Sunday, July 12, 2009

Self Care for Physicians...

It's nice when my teaching pace slows down for the summer, leaving time to read and reflect. This week, I read an interesting article from the Journal of the American Medical Association entitled, Self-care of Physicians Caring for Patients at the End of Life: Being Connected ... A Key to My Survival. (JAMA 2009, 301(11):1155-1164).

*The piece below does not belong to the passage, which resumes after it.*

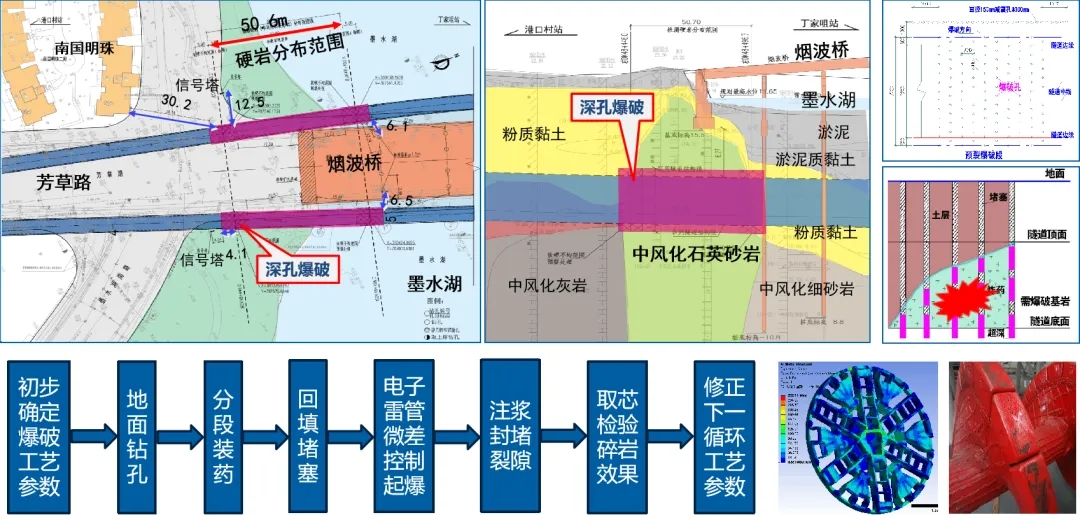 獲獎項目《地鐵隧道穿越極硬巖的新方法研究》是依托于武漢地鐵12號線港口村站至丁家咀站區(qū)間隧道工程。本項目存在隧道水下穿越強度高達251MPa極硬巖的復雜地質(zhì)和周邊有橋梁、建筑等敏感環(huán)境兩大難題,實驗團隊歷經(jīng)近兩年的方案研究和工程實踐,創(chuàng)新性地提出了解決方案:采用控制爆破技術對極硬巖進行預處理,有效降低盾構機掘進的難度,同時在爆破過程中采取相應的減隔震技術,保障周邊橋梁、房屋和市政管線等建構筑物的安全。這一新技術極大地降低盾構機掘進通過極硬巖的難度,提高了施工效率,大幅減少了工程成本,實現(xiàn)了良好的社會和經(jīng)濟效益。
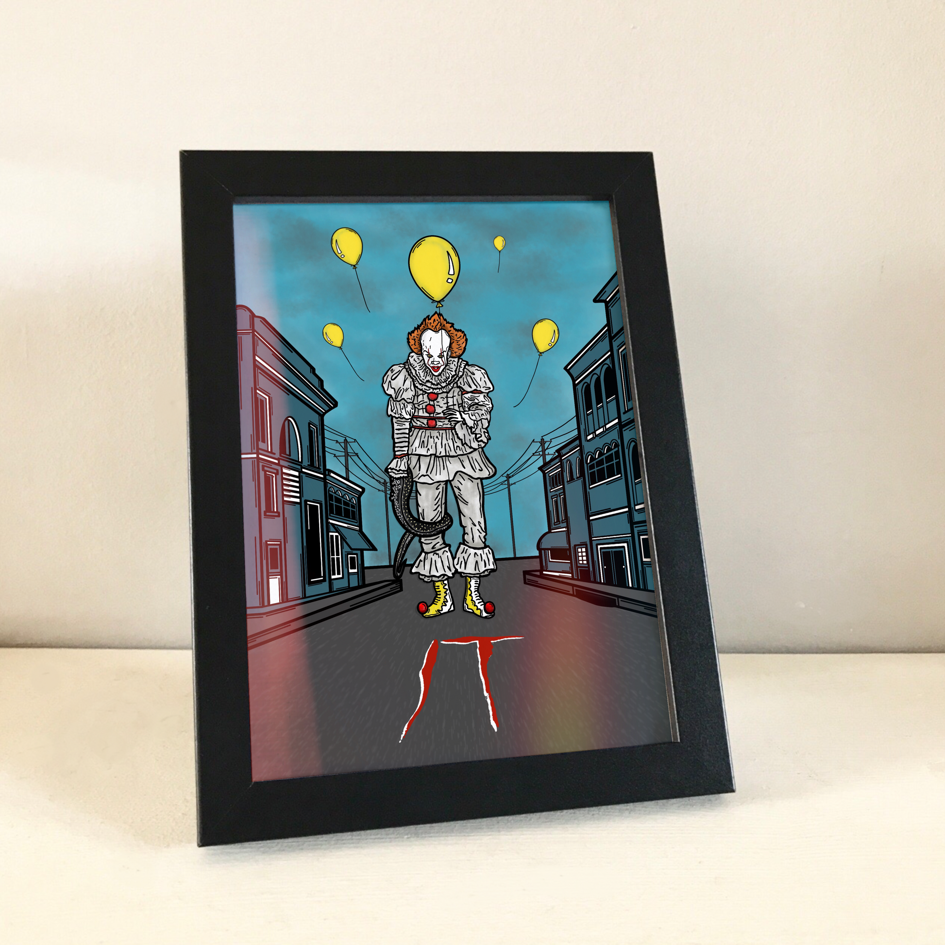 🤡Póster del payaso IT con una imagen de Pennywise de las películas en medio de una calle, con globos amarillos volando a su alrededor.

This article is one of the clearest and richest articles on Compassion Fatigue that I've read in a while. It defines and contrasts burnout and CF and delineates the causes and symptoms of each. It then goes on to specify self care suggestions, including those employed by the writers of the article. These strategies are well worth sharing regardless the field of people-helping in which we're engaged. (I have taken the liberty of paraphrasing for the sake of brevity and have added a few comments and sources in italics.):

1. Ground yourself by attending carefully to the sensation of your feet on the ground as
you walk through your workplace.

2. Set your watch alarm for a certain time each day to remind you to perform a simple act of centering. eg taking 4 slow, deep breaths, thinking of a loved one, reciting a line of a favourite poem or prayer, imagining weights around your waist and repeating the words, "ground, down".

3. Reward yourself after completing a task. eg an early coffee break, a walk outside or a quiet moment in the chapel or quiet room.

4. Call a "time out" after a traumatic incident in order to deal with emotional flooding. (See the Trauma First Aid post - January 12, 2009).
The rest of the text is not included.